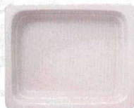
●ホワイト (浅)C-13 (深)D-18
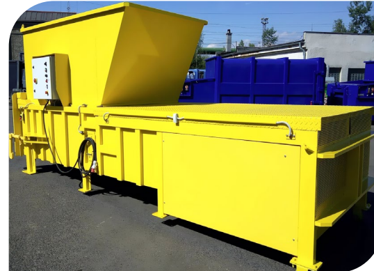
VSP 50 MAX LR мусороперегрузочный пресс
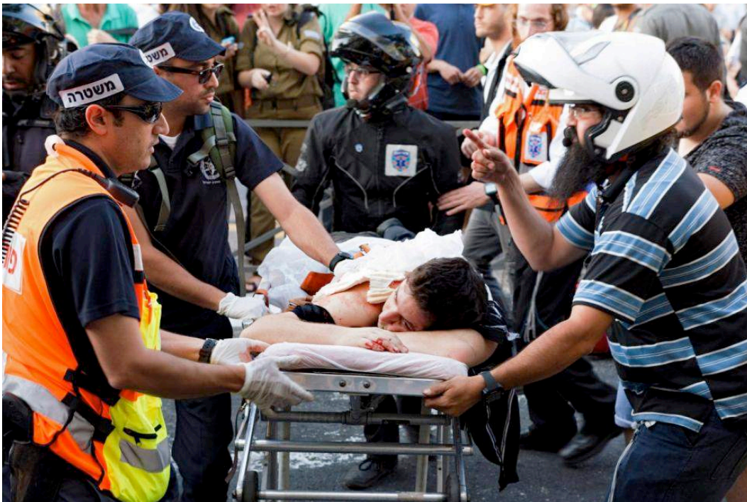
Figura 7: s/t. Fuente: REUTERS. (2015). People disarm an Orthodox Jewish assailant shortly after he stabbed participants at the annual Gay Pride parade in Jerusalem July 30, 2015. REUTERS/Amir Cohen. Recuperado el 26 de Septiembre de 2015 de: http://www.reuters.com/news/picture/jerusalem-gay-pride-attack?articleId=USRTX1MGGX
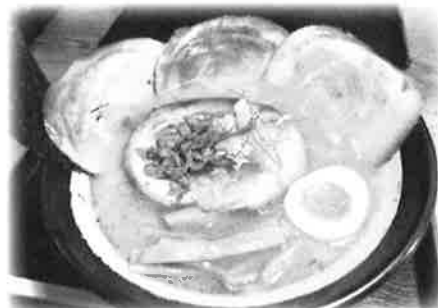
チャーシューメン
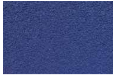
Cód: 12 azulón
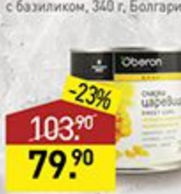
Кукуруза OBERON 340 г, Болгария
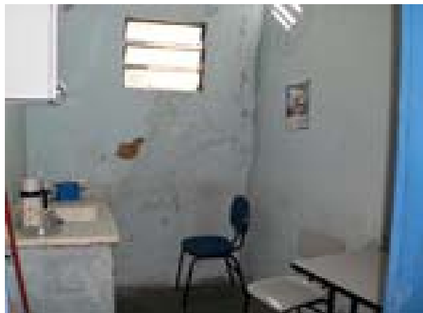
Fig. 14 Parede da copa com infiltração.
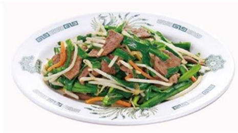
ニラレバ炒め 650 円
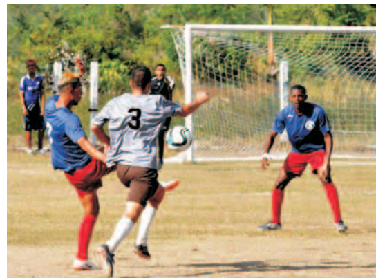
Los Diablos Rojos lideran la Zona Oriental de la 104 Liga Cubana de Fútbol
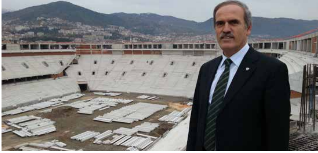
Bursa Büyükşehir Belediye Başkanı Recep Altepe, yapımı devam eden stadyumda incelemelerde bulundu.

Bursa Büyükşehir Belediye Başkanı Recep Altepe, yapımı devam eden stadin tribünlerinde AA muhabirine yaptığı açıklamada, stadin kaba inşaatının yüzde 97 oranında tamamlandığını, yavaş yavaş ince işçilik çalışmalarının başladığını, çatı montajının da başlanması için son hazırlıklara geldiğini söyledi. Stat inşaat alanının 180 bin metrekare olduğunu bildiren Altepe, çelik çatıyı oluşturacak ham maddenin yüzde 20'sinin Türkiye'de üretilen sac ve borulardan üretildiğini, diğer yüzde 80'lik
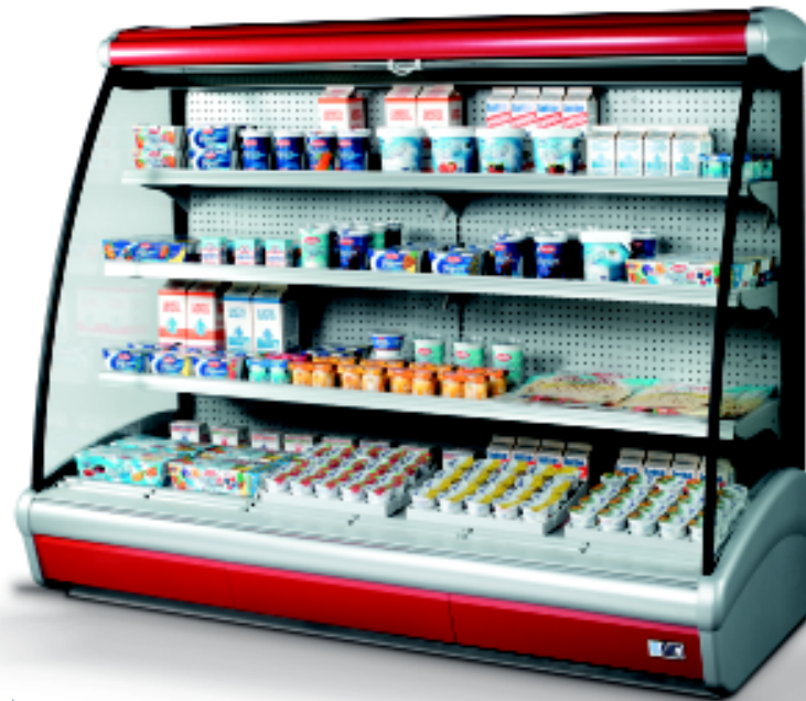
MASK 190 Rosso Colorado

Wall site display case, at ventilated refrigeration, remote control unit, for displaying of dairy products and fresh pre-packed products.
######
Above, find the line with "Los Diablos Rojos"; copy it and every line down to the line with "MASK 190 Rosso Colorado", exactly and both included, but no pictures.

- **Solution**:
Los Diablos Rojos lideran la Zona Oriental de la 104 Liga Cubana de Fútbol
Bursa Büyükşehir Belediye Başkanı Recep Altepe, yapımı devam eden stadyumda incelemelerde bulundu.

Bursa Büyükşehir Belediye Başkanı Recep Altepe, yapımı devam eden stadin tribünlerinde AA muhabirine yaptığı açıklamada, stadin kaba inşaatının yüzde 97 oranında tamamlandığını, yavaş yavaş ince işçilik çalışmalarının başladığını, çatı montajının da başlanması için son hazırlıklara geldiğini söyledi. Stat inşaat alanının 180 bin metrekare olduğunu bildiren Altepe, çelik çatıyı oluşturacak ham maddenin yüzde 20'sinin Türkiye'de üretilen sac ve borulardan üretildiğini, diğer yüzde 80'lik
MASK 190 Rosso Colorado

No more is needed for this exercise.